I can't get enough of the Varied Thrushes that have been brightening the snowy landscape outside my window during this recent cold snap. When a late-afternoon shaft of light hits one of these birds, the effect is stupendous.
The thrushes appear in our yard just about every winter, drawn here I suppose by all the freeze-dried huckleberries we have to offer. Our many huckleberry bushes are a magnet also for Spotted Towhees and sometimes a Red-breasted Sapsucker.
But the real prize for the thrushes seems to be our Crabapple tree. The tree blooms beautifully in the spring and then produces a bumper crop of fruit for which we don't really have a use.

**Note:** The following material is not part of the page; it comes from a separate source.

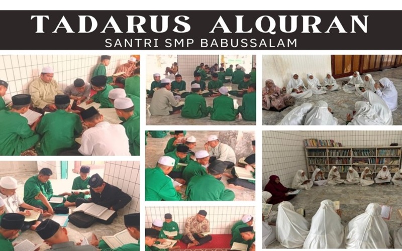 PARA santriwan dan santriwati SMP Babussalam langsung tancap gas dengan agenda tadarus di Masjid Darussalam, kompleks ponpes.

As a result, hundreds of crabapples hang from the tree every year until about this time, when the thrushes and other birds show up and strip it. And from my standpoint, providing a winter meal for the wild birds is a perfectly good use for those crabapples.
Of all our winter visitors, the thrushes are the hardest to photograph because they detect the slightest movement inside the house, such as when I reach slowly for the sliding glass window to make an opening for my 400 mm lens. The click of the single-lens reflex shutter also drives them away. But the crabapple tree is just far enough from my office that they will continue feeding while I snap images.

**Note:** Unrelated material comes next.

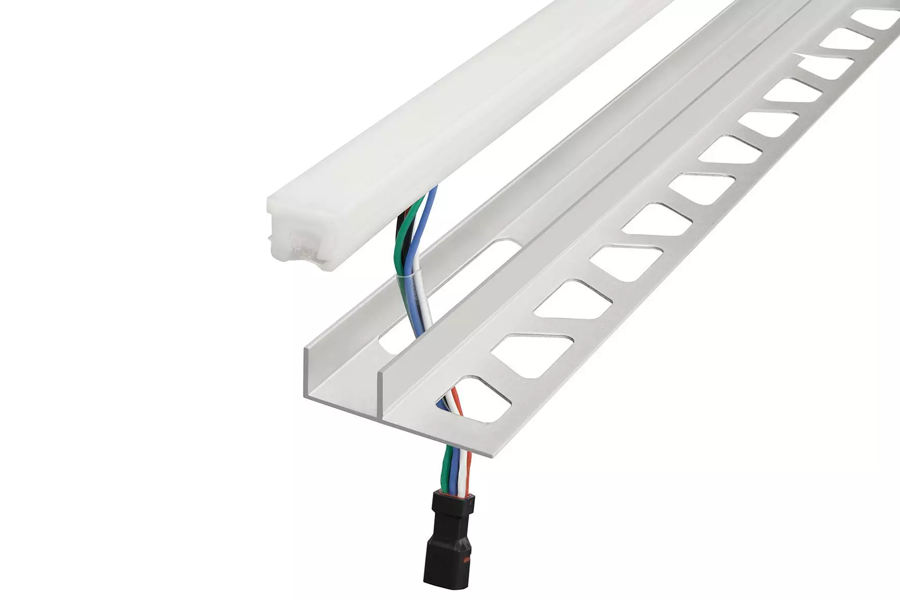 The Schlüter-LIPROTEC-LLPM illumination set is a pre-assembled LED module made from a flexible, encapsulated LED strip with homogeneous light distribution and DECO-SG as the carrier profile (see product data sheet 15.8 Schlüter-LIPROTEC-LLPM/LLP/LLPE).

Before I started watching birds, I had the idea our woods were full of mostly boring, brown birds of nondescript plumage.
The truth is just the opposite. Our woods are teeming with very colorful birds, incredibly specialized and with very different feeding and hunting habits. I have far to go in fully appreciating what is all around me and the dramas that take place every day in our yard. But I've learned just enough to to be dazzled and intrigued by the wonder of it.